**Exercise instructions**
Without its pictures, the listing below is to be transcribed exactly.

(Data to use Opens)

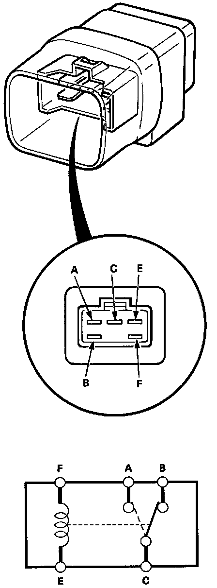 ^ There should be continuity between the A and C terminals when power and ground are connected to the E and F terminals.
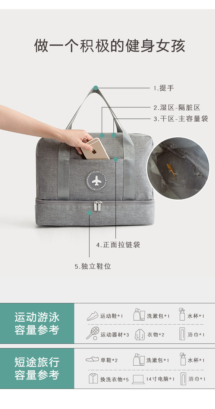 干湿分离!可放鞋子!手提单肩双胆健身收纳包旅游行李包游泳包
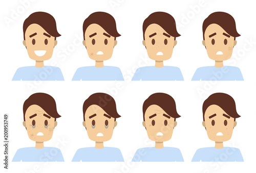 skin, dry, set, oily, face, isolated, illustration, beauty, acne, young, background, white, health, vector, care, problem, beautiful, skincare, facial, female, man, healthy, graphic, concept, clean, make-up, character, treatment, cosmetic, sad, problem, dermatology, pimple, rash, pretty, design, dark, boy, teenage, circle, avatar, infographic, people, art, person, portrait, caucasian, cute, attractive
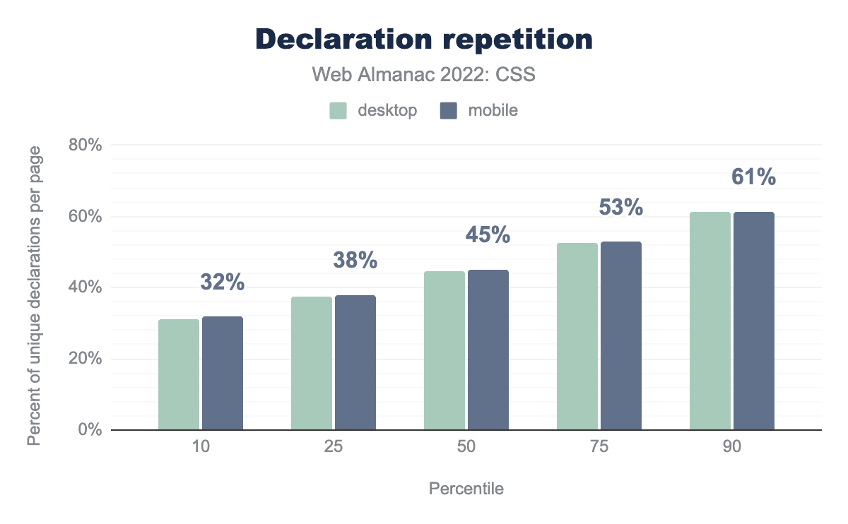 2020年と2021年には、「宣言の繰り返し」の多さを調べる分析が行われました。これは、同じプロパティと値を使用する宣言の数を調べることで、スタイルシートがどれだけ効率的かを特定することを目的としています。
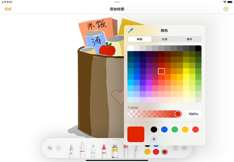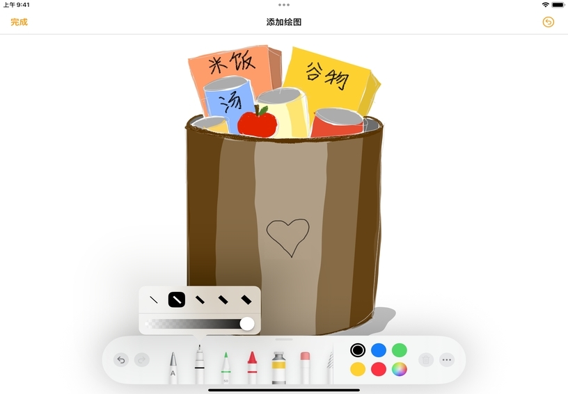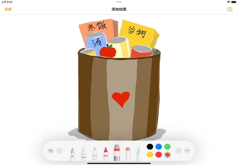 借助各种内置工具,你可以使用 Apple Pencil 或手指添加草图、涂鸦和手写文本。利用绘图为文稿增添个性化元素,或者创建素描笔记、漫画以及富有艺术感的日记。
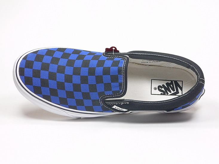 кеды слипоны Vans (Checkerboard) Black / Royal Blue (102)
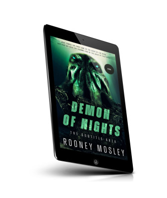 “A dark, eerie book cover featuring a monstrous, tentacled figure and an old, wrecked ship. The title reads "Demon of Nights."”
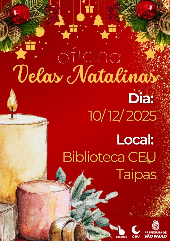 A Biblioteca do CEU Taipas convida a comunidade para participar da Oficina de Velas de EVA Natalinas, uma atividade prática e criativa que celebrará o espírito do Natal, nesta quarta, dia 10, das 9h às 11h.

(Data to use Closes)

**Task answer**
 ^ There should be continuity between the A and C terminals when power and ground are connected to the E and F terminals.
 干湿分离!可放鞋子!手提单肩双胆健身收纳包旅游行李包游泳包
 skin, dry, set, oily, face, isolated, illustration, beauty, acne, young, background, white, health, vector, care, problem, beautiful, skincare, facial, female, man, healthy, graphic, concept, clean, make-up, character, treatment, cosmetic, sad, problem, dermatology, pimple, rash, pretty, design, dark, boy, teenage, circle, avatar, infographic, people, art, person, portrait, caucasian, cute, attractive
 2020年と2021年には、「宣言の繰り返し」の多さを調べる分析が行われました。これは、同じプロパティと値を使用する宣言の数を調べることで、スタイルシートがどれだけ効率的かを特定することを目的としています。
 借助各种内置工具,你可以使用 Apple Pencil 或手指添加草图、涂鸦和手写文本。利用绘图为文稿增添个性化元素,或者创建素描笔记、漫画以及富有艺术感的日记。
 кеды слипоны Vans (Checkerboard) Black / Royal Blue (102)
 “A dark, eerie book cover featuring a monstrous, tentacled figure and an old, wrecked ship. The title reads "Demon of Nights."”
 A Biblioteca do CEU Taipas convida a comunidade para participar da Oficina de Velas de EVA Natalinas, uma atividade prática e criativa que celebrará o espírito do Natal, nesta quarta, dia 10, das 9h às 11h.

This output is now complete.